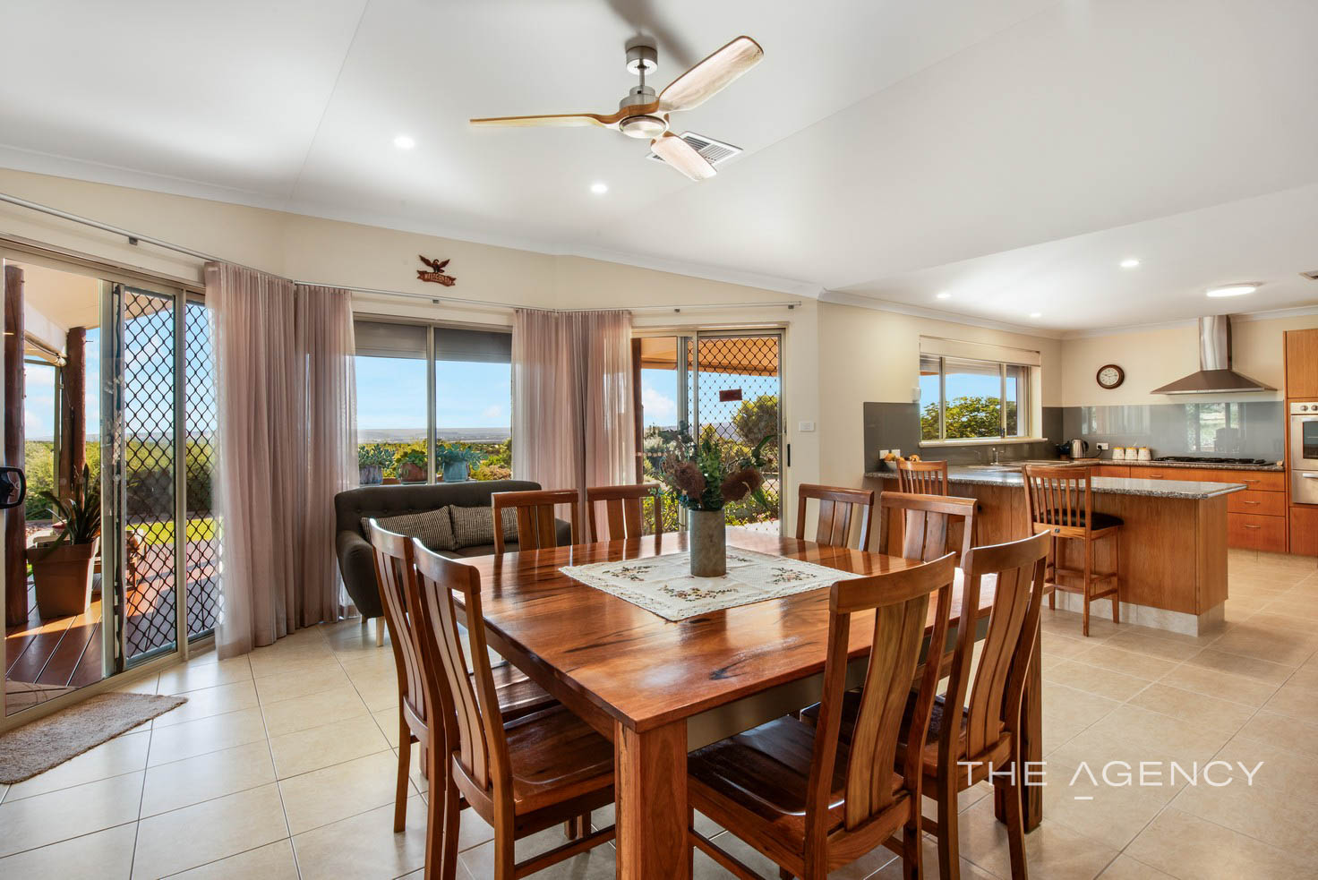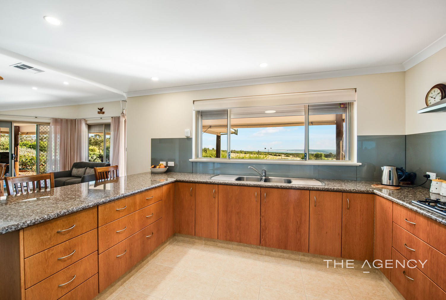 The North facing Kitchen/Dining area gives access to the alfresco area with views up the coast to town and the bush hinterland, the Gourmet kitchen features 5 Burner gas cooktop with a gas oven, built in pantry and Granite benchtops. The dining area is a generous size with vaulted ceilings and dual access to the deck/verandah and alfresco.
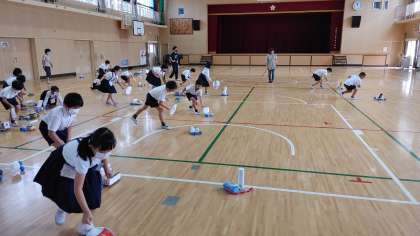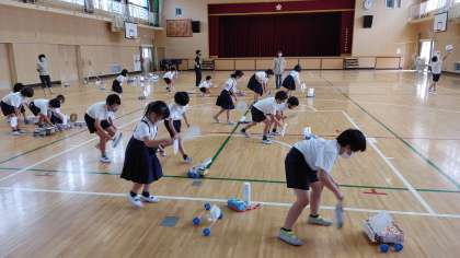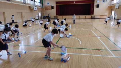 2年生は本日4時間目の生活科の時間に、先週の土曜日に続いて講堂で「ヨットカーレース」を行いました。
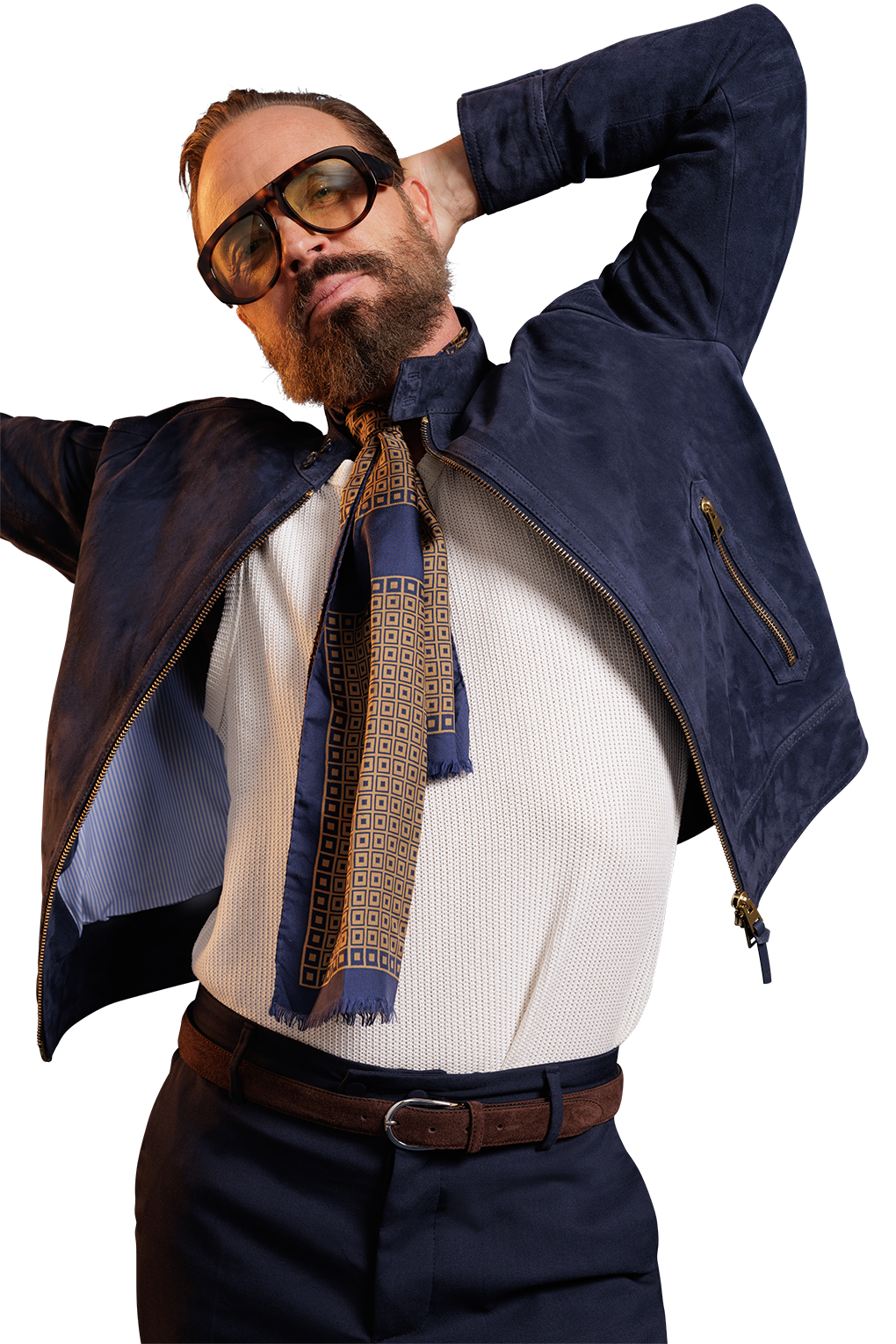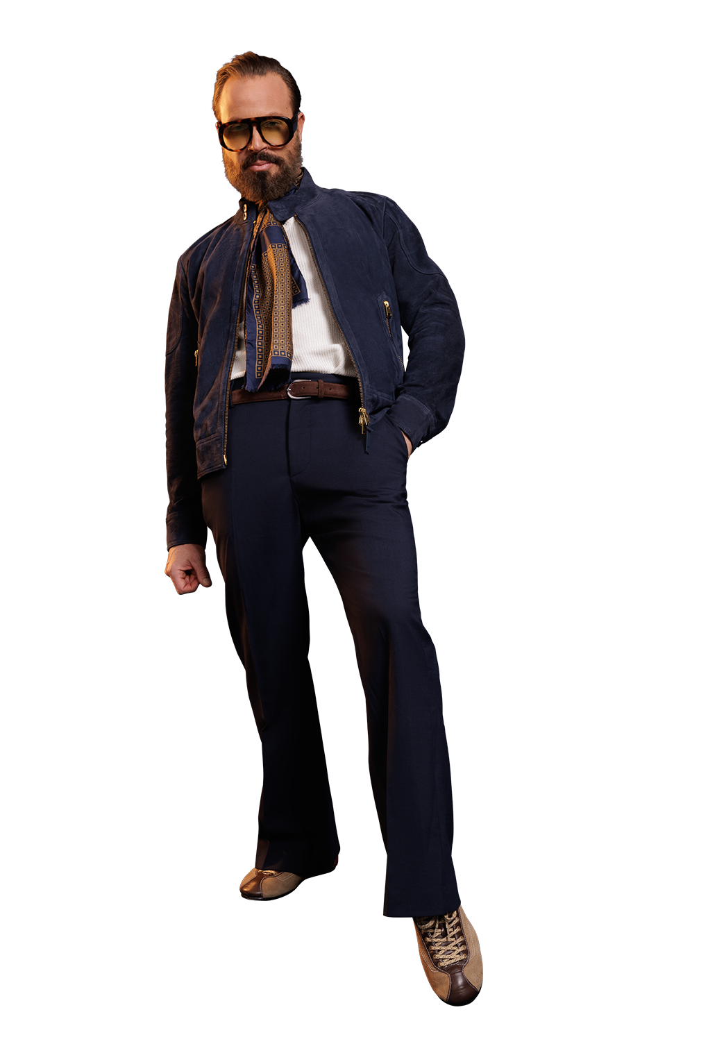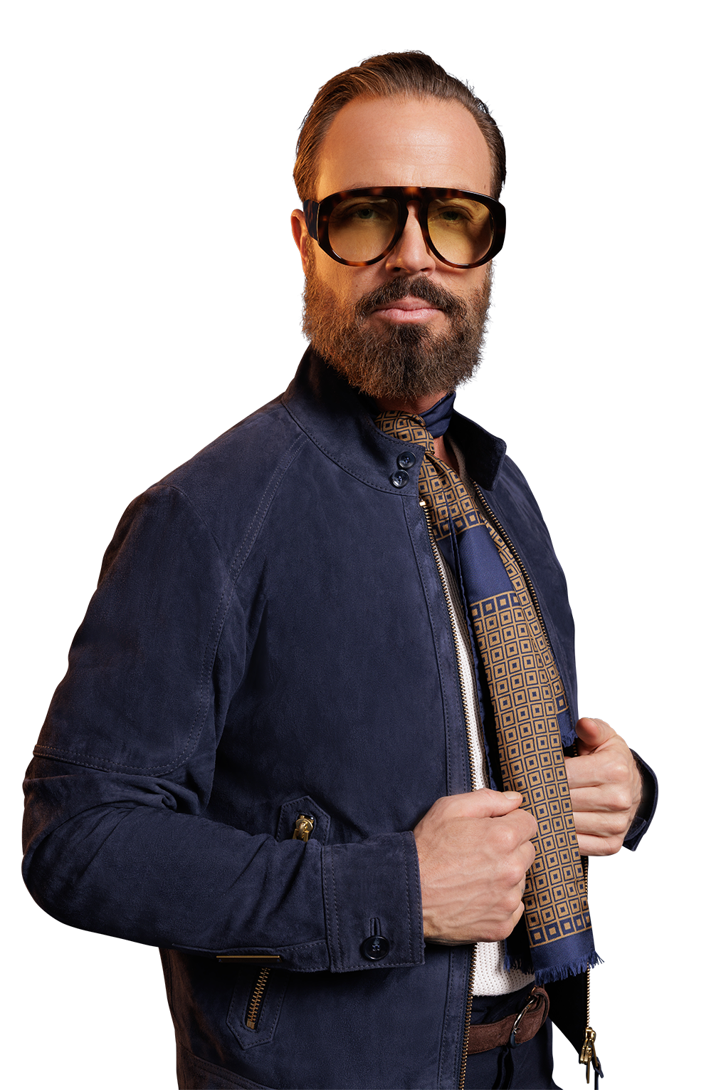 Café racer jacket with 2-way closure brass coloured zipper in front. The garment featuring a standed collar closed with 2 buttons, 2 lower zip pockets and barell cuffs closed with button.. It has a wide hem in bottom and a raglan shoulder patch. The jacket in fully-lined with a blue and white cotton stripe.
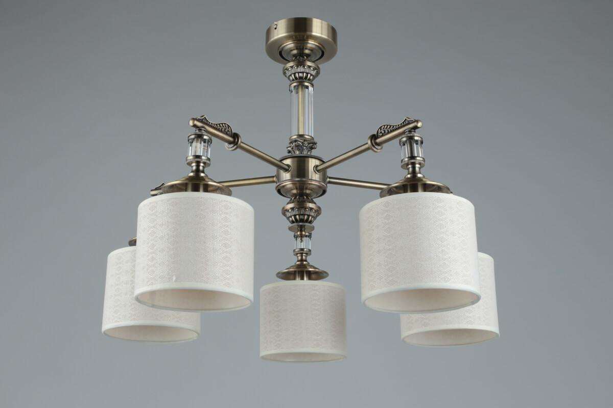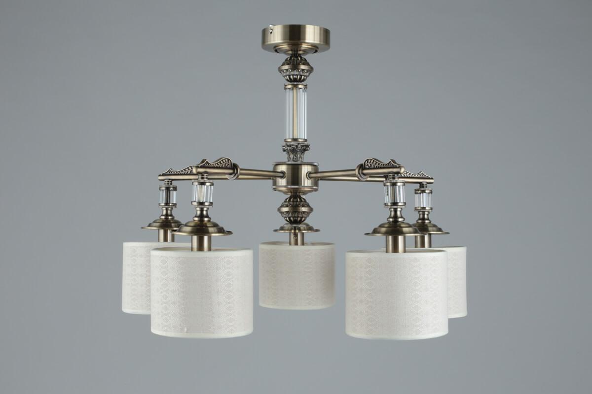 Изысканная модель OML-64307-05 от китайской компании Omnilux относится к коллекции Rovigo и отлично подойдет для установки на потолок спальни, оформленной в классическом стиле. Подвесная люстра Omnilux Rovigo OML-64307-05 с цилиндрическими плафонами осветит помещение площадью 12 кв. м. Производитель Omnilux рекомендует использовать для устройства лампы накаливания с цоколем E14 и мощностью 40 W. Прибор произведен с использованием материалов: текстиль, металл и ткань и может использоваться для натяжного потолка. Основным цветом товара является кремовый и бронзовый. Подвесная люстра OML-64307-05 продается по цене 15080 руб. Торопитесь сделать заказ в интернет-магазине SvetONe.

■ Work task
Beginning with the line that contains "2年生は本日4時間目の生活科" and ending with the line that contains "Café racer jacket", reproduce the listing exactly, pictures excluded.

■ Exercise output
 2年生は本日4時間目の生活科の時間に、先週の土曜日に続いて講堂で「ヨットカーレース」を行いました。
 Café racer jacket with 2-way closure brass coloured zipper in front. The garment featuring a standed collar closed with 2 buttons, 2 lower zip pockets and barell cuffs closed with button.. It has a wide hem in bottom and a raglan shoulder patch. The jacket in fully-lined with a blue and white cotton stripe.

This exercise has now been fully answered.